## [Task instructions]
Pictures stay out, but every line of the data is copied exactly.
--- Data block Enclosed Below ---
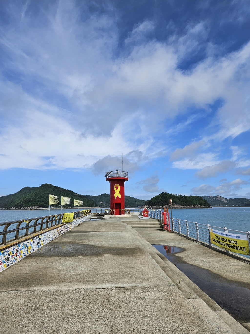 섬과 바다를 배경으로 한 등대가 있는 부두,
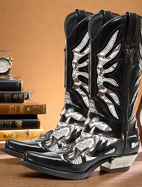 stivali da cowboy gotici da uomo - stivali western in similpelle di serpente nera e argento con design a fiamme e tacco in metallo per eventi rock, motociclisti e feste
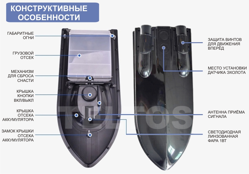 Конструкция продумана до мелочей. Таким списком возможностей, только одного отсека, может похвастать не каждый производитель. На видео ниже, специально для Вас, мы продемонстрировали работу отсека сброса и визуально можно оценить ходовые качества кораблика при сильном ветре.
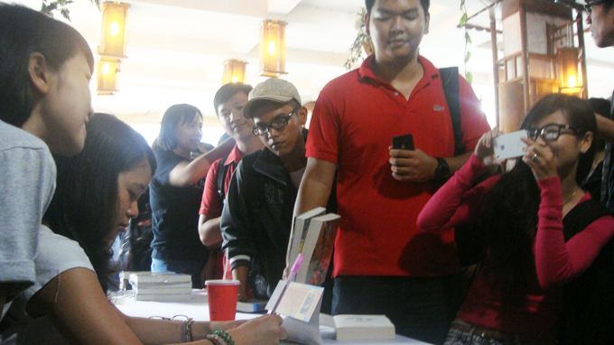 Không chỉ xin chữ ký lên sách, rất nhiều bạn trẻ tranh thủ chụp ảnh cùng nhân vật đang là một trong những tâm điểm cho những tranh luận không ngớt - Ảnh: Trung Uyên
--- End of Enclosed Data block ---
## [Output of the exercise]
 섬과 바다를 배경으로 한 등대가 있는 부두,
 stivali da cowboy gotici da uomo - stivali western in similpelle di serpente nera e argento con design a fiamme e tacco in metallo per eventi rock, motociclisti e feste
 Конструкция продумана до мелочей. Таким списком возможностей, только одного отсека, может похвастать не каждый производитель. На видео ниже, специально для Вас, мы продемонстрировали работу отсека сброса и визуально можно оценить ходовые качества кораблика при сильном ветре.
 Không chỉ xin chữ ký lên sách, rất nhiều bạn trẻ tranh thủ chụp ảnh cùng nhân vật đang là một trong những tâm điểm cho những tranh luận không ngớt - Ảnh: Trung Uyên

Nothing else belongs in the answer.